Feature

Why the Nobel judges love Obama

Is it really so surprising that the president won the Nobel Peace Prize?

What happened
Four of the Nobel jury's five judges on Tuesday publicly defended their decision to award President Obama the Nobel Peace Prize. Committee Chairman Thorbjorn Jagland said Obama deserved the award because his efforts to heal the divide between the West and the Muslim world, along with other actions, had "contributed to, I wouldn't say a safer world, but a world with less tension." (AP in The Washington Post)

What the commentators said
"The Nobel Committee did President Obama no favors by prematurely awarding him its peace prize," said Thomas Friedman in The New York Times. Even Obama acknowledges "he has not done anything yet on the scale that would normally merit such an award." It's not Obama's fault "that the Europeans are so relieved at his style of leadership, in contrast to that of his predecessor, that they want to do all they can to validate and encourage it." Still, it's a shame to see such an important award devalued.
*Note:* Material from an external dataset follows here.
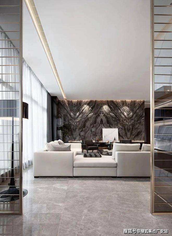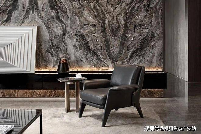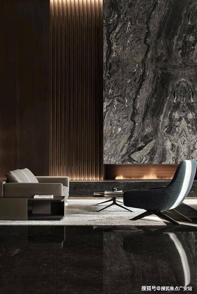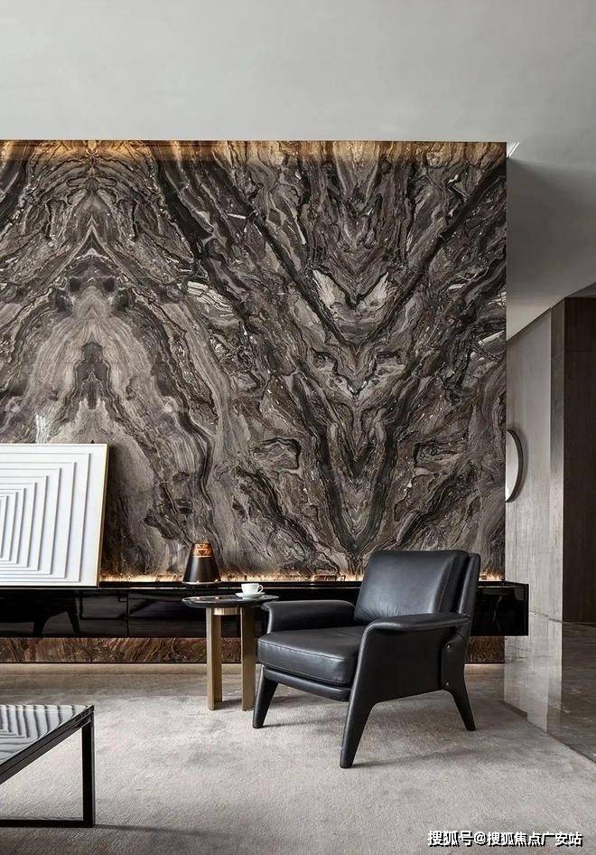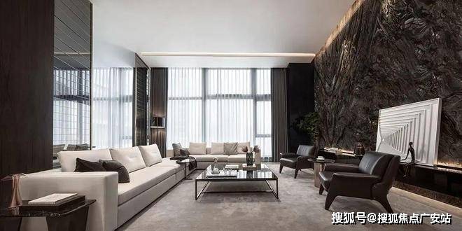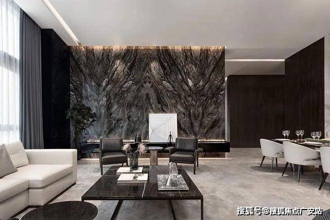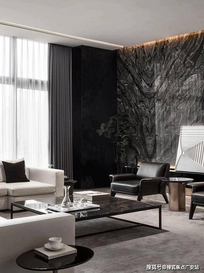 客厅的色调比较鲜明,这样的色调让客厅看上去更加有质感,整面的黑色纹理大理石背景墙大气十足,落地窗带来了优质的采光,黑白家具和墙面颜色的搭配让这个空间体现出更多的质感和高级感。
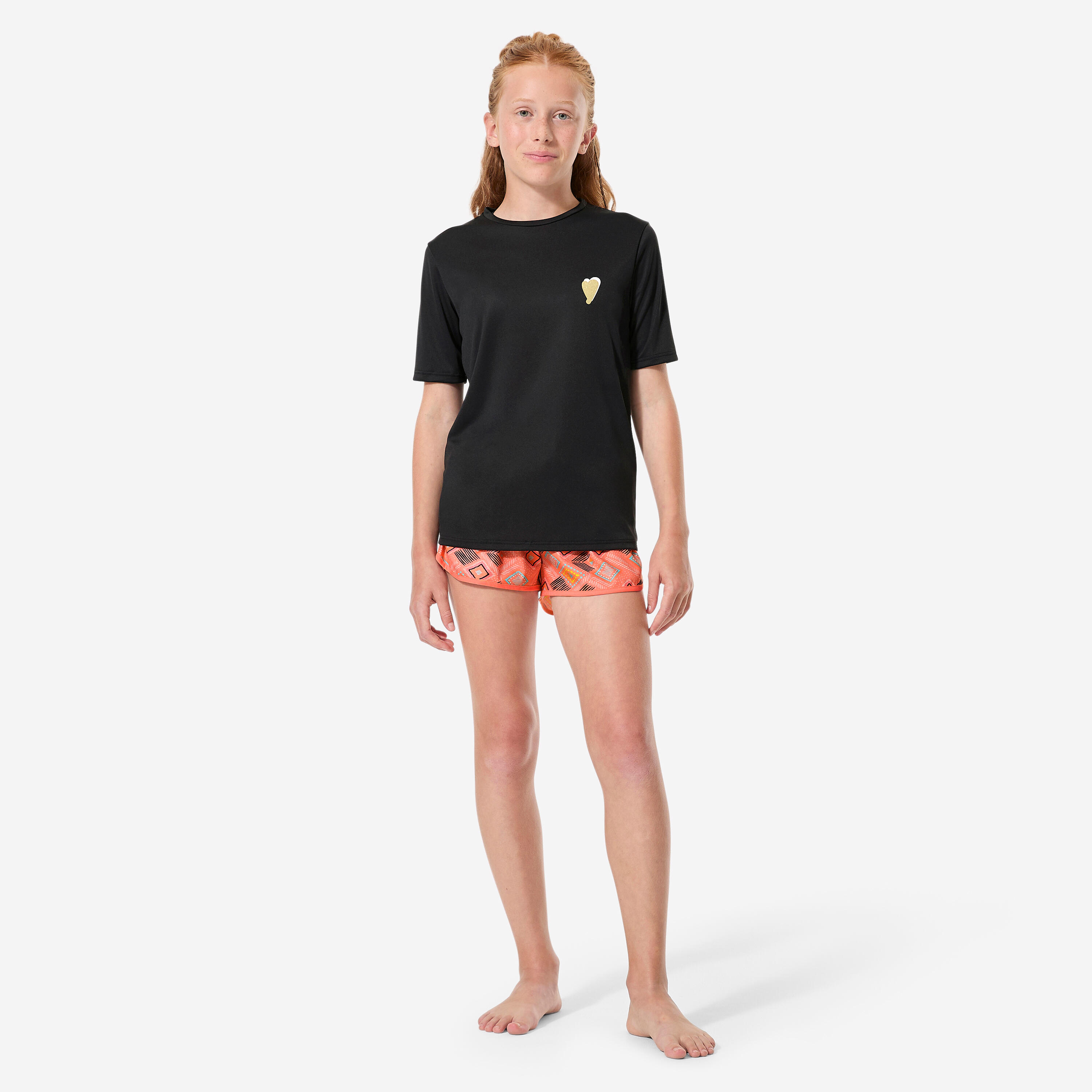 1 ura: občasna aktivnost. Lahko izberete ohlapen kroj (omogoča lažje oblačenje in udobje, ko je majica suha) ali oprijet kroj (omogoča večje udobje, ko je majica mokra). Zanka za pritrditev na plavalne kratke hlače omogoča, da ostane na svojem mestu.

Giving Obama the Nobel didn't devalue it, said Bret Stephens in The Wall Street Journal. He's just the kind of person the judges love—"goodists" who think all conflict stems from avoidable misunderstandings. Ever heard of Bertha von Suttner, Henri La Fontaine, Ludwig Quidde, Norman Angell, Arthur Henderson, Eisaku Sato, Alva Myrdal and Joseph Rotblat? No? Like Obama, they're "goodists" who never accomplished much before winning the prize, and they all subsequently disappeared as "footnotes of history."

But Obama is president of the United States, said J.P. Freire in the Washington Examiner, so the Nobel judges want something from him. That's why it's so clear that giving Obama the Nobel Peace Prize is an unacceptable example of foreign meddling in American politics. "If Obama is going to be tempted to consider peace, let it be because it is in American interests, not because he wants to hold true to Nobel's ideals."

Conservatives are livid that Obama didn't decline the prize, said Garrison Keillor in the Chicago Tribune. But the Nobel is just a compliment—the polite thing to do is accept it gracefully, as Obama has, and sit down. "The wailing and gnashing of teeth that you hear among Republicans" is mostly envy, because the other side elected "an idealistic, articulate young president who is enormously popular everywhere in the world except in the states of the Confederacy." Maybe they wish Dick Cheney had won—but they don't give Nobels to a man who "has shot somebody in the face with a shotgun."